A little Buffett/Eagles trivia for you, the Eagles Timothy B. Schmit played with Buffett’s Coral Reefer Band from 1983-1985 and coined the phrase ‘Parrotheads’. There has been a longtime connection between the two artists who have played together occasionally as a double bill over the years. The Sun left the stadium with Buffett but his music takes you on vacation whether at the beach or in your mind.
The Eagles opened this show acoustically with their beautiful harmonies on “Seven Bridges Road”. Their silhouettes against the screen backdrop, you know you are in for something special. The first tour without co-founder, the late Glenn Frey, makes one wonder how this is going to go. It takes two to replace Glenn Frey, two very special people. Glenn’s 24-year-old son Deacon Frey and country superstar Vince Gill. Young Frey is the spitting image of his father from the early 70s, his sound is similar but yet his own. Vince Gill has a tone that is reminiscent of Glenn Frey, but he’s not trying to be Frey, he is simply honoring Glenn’s work.
The Eagles have never been one particular voice. Don Henley has provided vocals on many of the band’s hits and had his own solo career, then there’s Timothy B. Schmit bringing his soulful falsetto to beautiful ballads like ‘I Can’t Tell You Why’. The noise of 56,000 in the audience was down to a whisper during Schmit’s performances. Joe Walsh brings us rock, some incredible guitar solos and humor with songs like ‘Life’s Been Good’ and a James Gang classic with ‘Funk 49’.

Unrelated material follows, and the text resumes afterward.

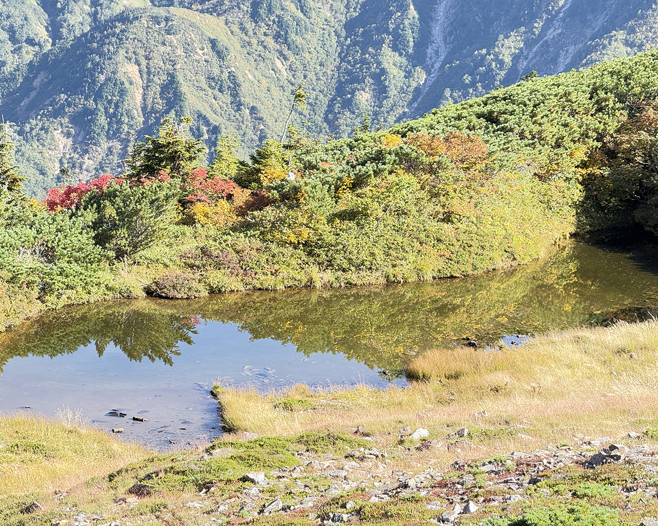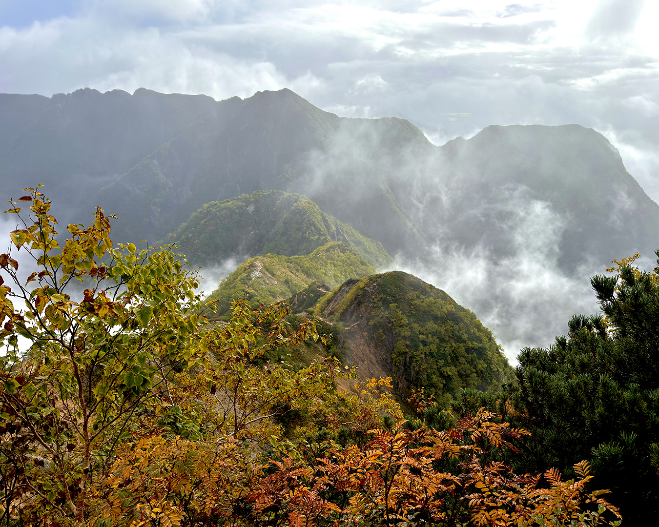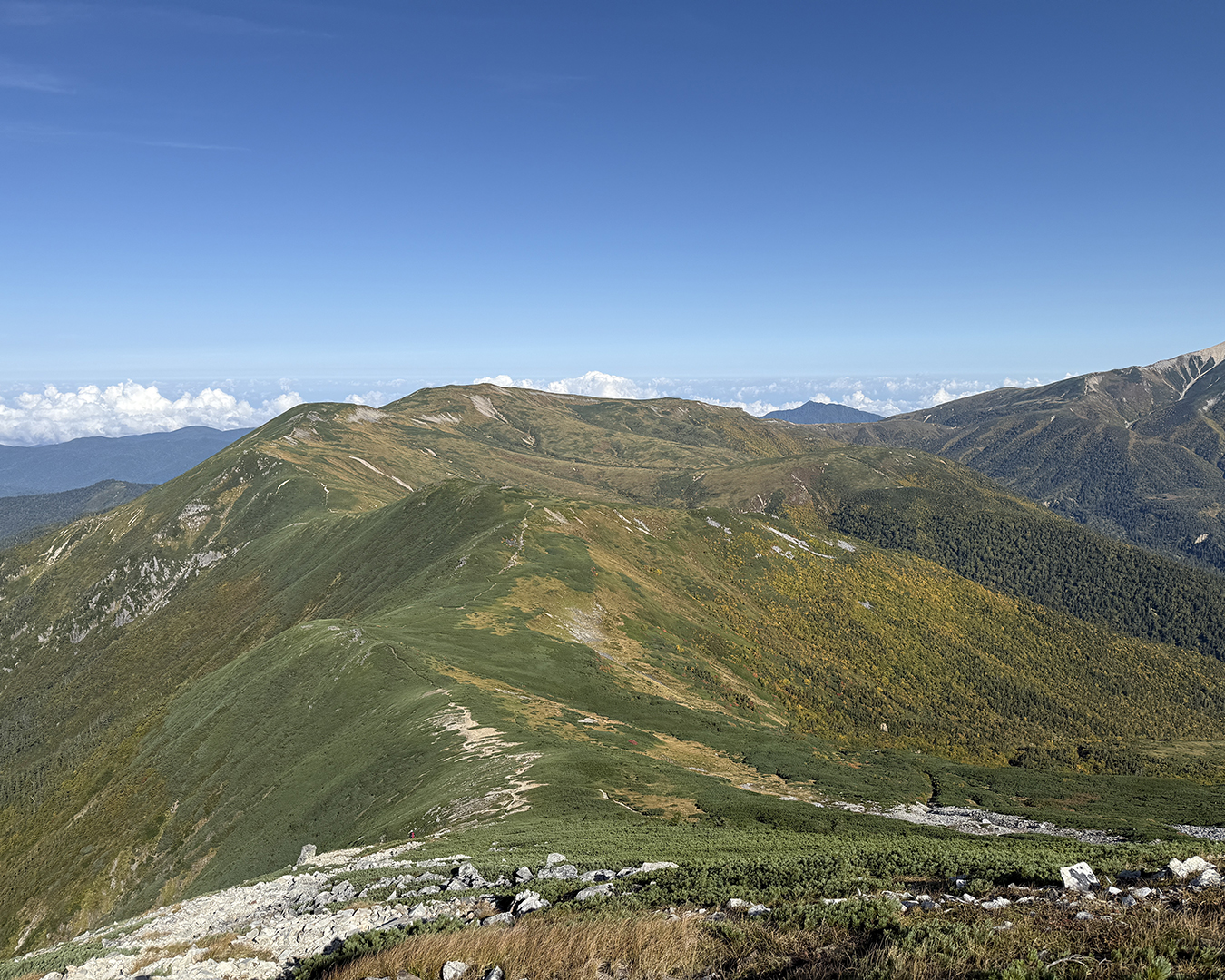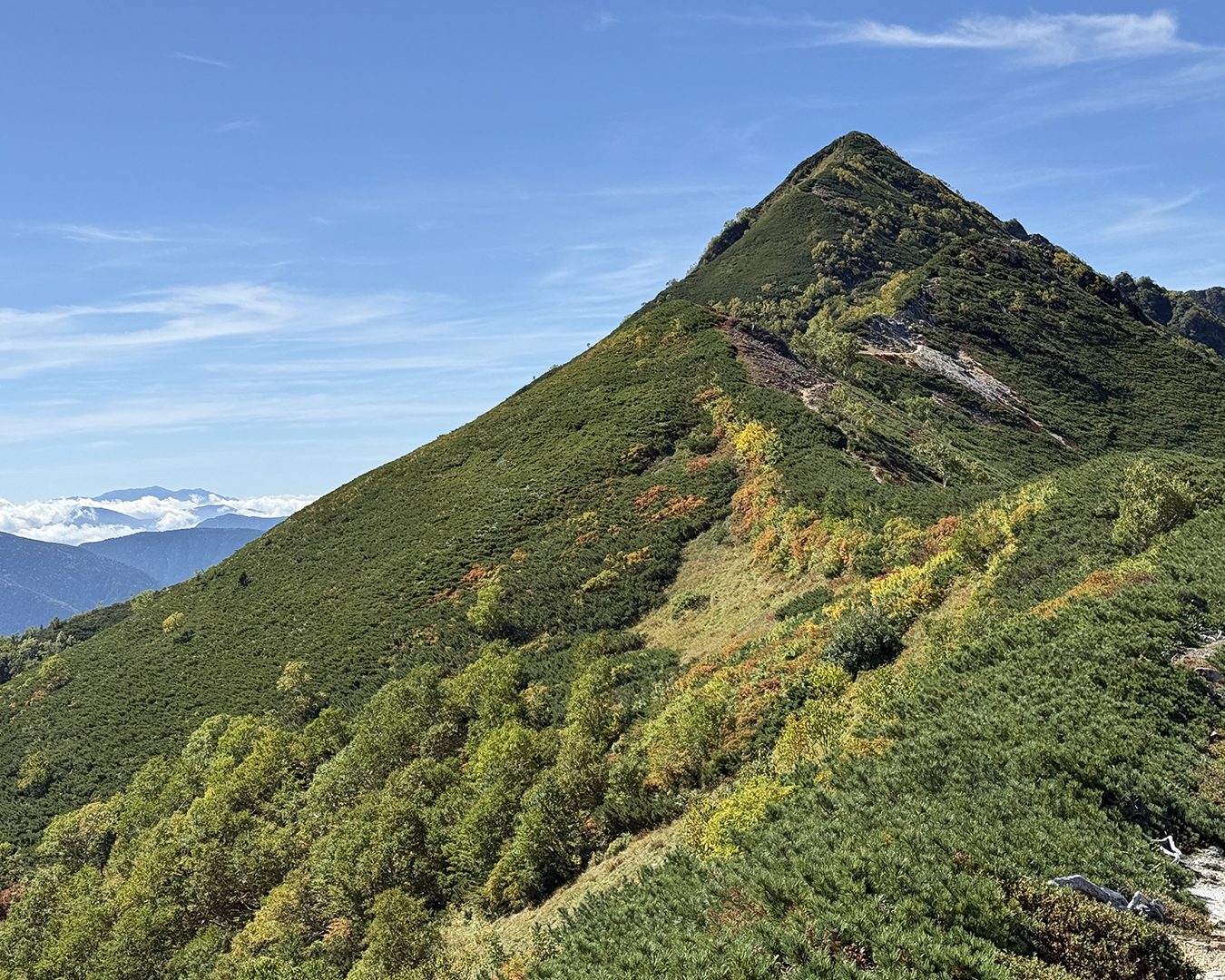 この日はなかなかアップダウンが多い1日だった。薬師岳まで登ると、そこからは苦手な岩場が続く。とはいえ、少しずつ岩場にも慣れてきており、常念岳の時のように焦ることもない。確実に成長している自分を感じる。北薬師岳を越える頃には、見事な紅葉が広がり、その美しさに思わず足が止まった。

The Eagles catalog is some of the most iconic music of our time. Instantly recognizable from the first note, the audience knew what was coming and was ready for it! Great lighting and cool tech graphics were all that was needed. The music speaks for itself, this is music written from the heart. From the tune that started it all written by Frey and Jackson Browne, ‘Take It Easy’ sung by Deacon, to Henley’s beautiful, haunting closing lyrics of ‘Desperado’, these songs stand the test of time and though we miss Glenn Frey, his legacy in music is secure. Walking out of the stadium, I thought of that famous lyric from Hotel California, after over 40 years of The Eagles music, ‘you can check out any time you like, but you can never leave’.